3. Results and discussion
3.1. MS identification and distribution in the indica and japonica genomes
We identified 102 706 and 102 423 candidate MSs in the indica and japonica genomes, respectively, and the average distances between the repeat units are shorter in the indica genome (3.6 kb) than in the japonica (3.7 kb) genome. These candidate MSs reside largely within intergenic regions (58 094 or 56.6% for the indica and 58 812 or 57.4% for the japonica), as compared to those in intronic regions (20 868 or 20.3% in the indica and 19 631 or 19.2% for the japonica) (Table 1). However, the average MS lengths in the indica and japonica genomes were found similar, from 17.4 bp to 17.8 bp. The fractions of MSs with unique flanking sequences in the indica and japonica are 67.1% and 72.5%, respectively. We also found that one-third of the total MSs are polymorphic and that the number of MS with unique flanking sequences was slightly lower in the indica (68 895) than in the japonica (74 227), but the number of MS sequences with polymorphisms and their average lengths were nearly the same between the two subspecies (Table 1). It implies that the number of MS with polymorphisms and the average length of polymorphic SSRs are independent parameters in the two rice subspecies. MS loci most likely to be useful as genetic markers are those that are single copy in both genomes and polymorphic when the genomes are compared.
Table 1.
Frequency and polymorphism of MSs in different genomic regions of indica and japonica genomes
Genome region | Alla | Wsfsb | Wpmc | Rate of pmd (%) | |||||||
---|---|---|---|---|---|---|---|---|---|---|---|
Count | Interval (kbp) | Lengthe | GC (%) | Count | Interval (kbp) | Perf (%) | Count | Interval (kbp) | Perg (%) | ||
Indica | |||||||||||
5′-UTR | 12 411 | 2.1 | 17.4 | 40.1 | 9324 | 2.8 | 75.1 | 4613 | 5.6 | 37.2 | 49.5 |
CDS | 5406 | 8.1 | 20.8 | 81.4 | 4217 | 10.4 | 78 | 1162 | 37.6 | 21.5 | 27.6 |
Intron | 20 868 | 2.9 | 15.7 | 21.5 | 15 670 | 3.8 | 75.1 | 8551 | 7 | 41 | 54.6 |
3′-UTR | 5927 | 3.2 | 16.6 | 20.1 | 4338 | 4.4 | 73.2 | 2312 | 8.3 | 39 | 53.3 |
Intergenic | 58 094 | 3.9 | 17.8 | 19.9 | 35 346 | 6.4 | 60.8 | 19 053 | 11.8 | 32.8 | 53.9 |
Total | 102 706 | 3.6 | 17.4 | 26.5 | 68 895 | 5.4 | 67.1 | 35 691 | 10.5 | 34.8 | 51.8 |
Japonica | |||||||||||
5′-UTR | 12 569 | 2 | 17.6 | 42.0 | 10 462 | 2.4 | 83.2 | 4871 | 5.1 | 38.8 | 46.6 |
CDS | 5685 | 7.7 | 20.6 | 81.4 | 4854 | 9 | 85.4 | 1249 | 35 | 22 | 25.7 |
Intron | 19 631 | 2.9 | 15.7 | 22.2 | 16 316 | 3.5 | 83.1 | 8281 | 6.9 | 42.2 | 50.8 |
3′-UTR | 5726 | 3.2 | 16.7 | 20.8 | 4647 | 3.9 | 81.2 | 2321 | 7.9 | 40.5 | 49.9 |
Intergenic | 58 812 | 4 | 18.5 | 21.1 | 37 948 | 6.3 | 64.5 | 19 057 | 12.5 | 32.4 | 50.2 |
Total | 102 423 | 3.7 | 17.8 | 27.7 | 74 227 | 5.1 | 72.5 | 35 779 | 10.7 | 34.9 | 48.2 |
aAll MSs in the genomes.
bMSs with unique flanking sequences.
cMSs with polymorphisms.
dRate of MS Wpm in MS Wsfs.
eAverage length of MSs expressed in base pairs (bp).

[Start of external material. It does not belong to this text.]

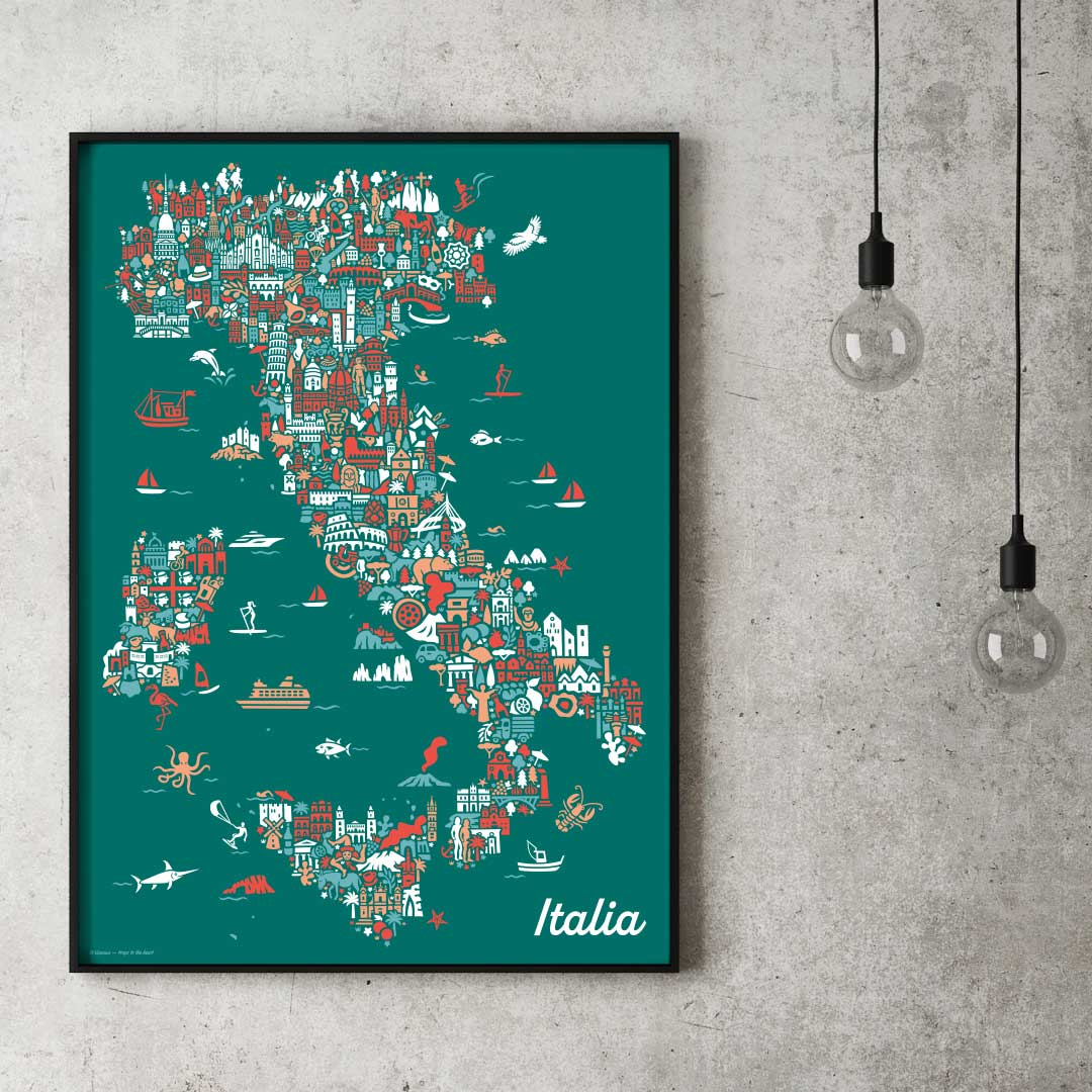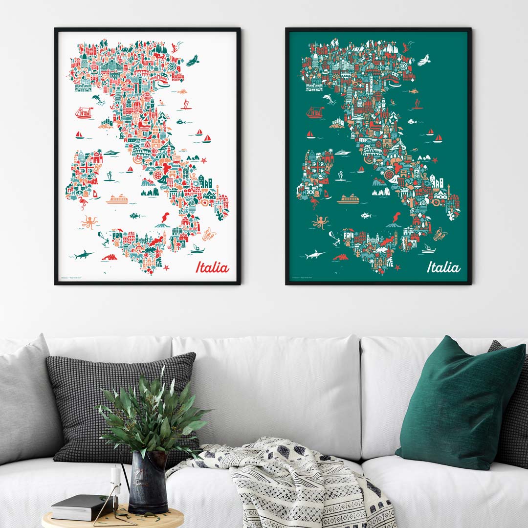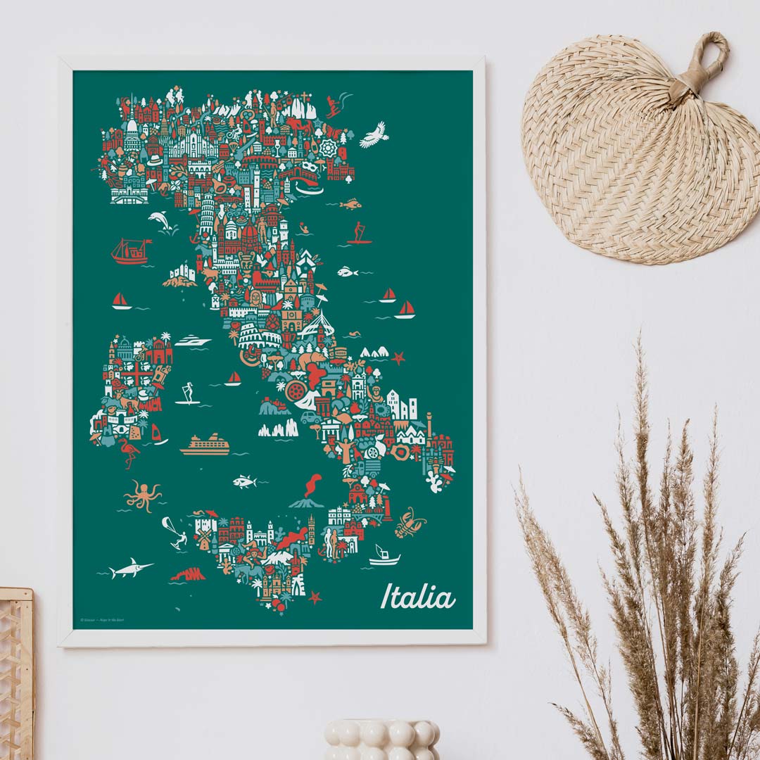 Bringe das Flair Italiens in dein Zuhause mit dem bezaubernden Italien-Karte Poster von Vianina. Jetzt online bestellen und die Schönheit dieses einzigartigen Landes genießen!

fPercent of MSs with unique flanking sequences against all.
gPercent of MSs with polymorphisms against all.
3.2. MS polymorphisms in different genomic regions
We have noticed that the average MS length and distance between candidate MS loci within coding regions of the two subspecies were slightly different. The indica genome has an average MS length of 20.8 bp and an average distance between candidate MS loci of 8.1 kb; the corresponding numbers in the japonica genome are 20.6 bp and 7.7 kb, respectively. In the regions other than the coding sequences, the average MS length and the average distance between candidate MS loci become 2.1–3.9 bp and 2.0–4.0 kb, respectively, although MS sequences are most abundant in 5′-UTR, followed in an order of intronic, 3′-UTR, intergenic, and coding regions. The trend was found consistent with previous reports in Arabidopsis and rice.3,20,21 In addition, GC contents of MS in other regions (19.9–40.1 and 20.8–42.0) are far lower than that of coding regions that are 81.4% and 81.4 % for the indica and japonica, respectively.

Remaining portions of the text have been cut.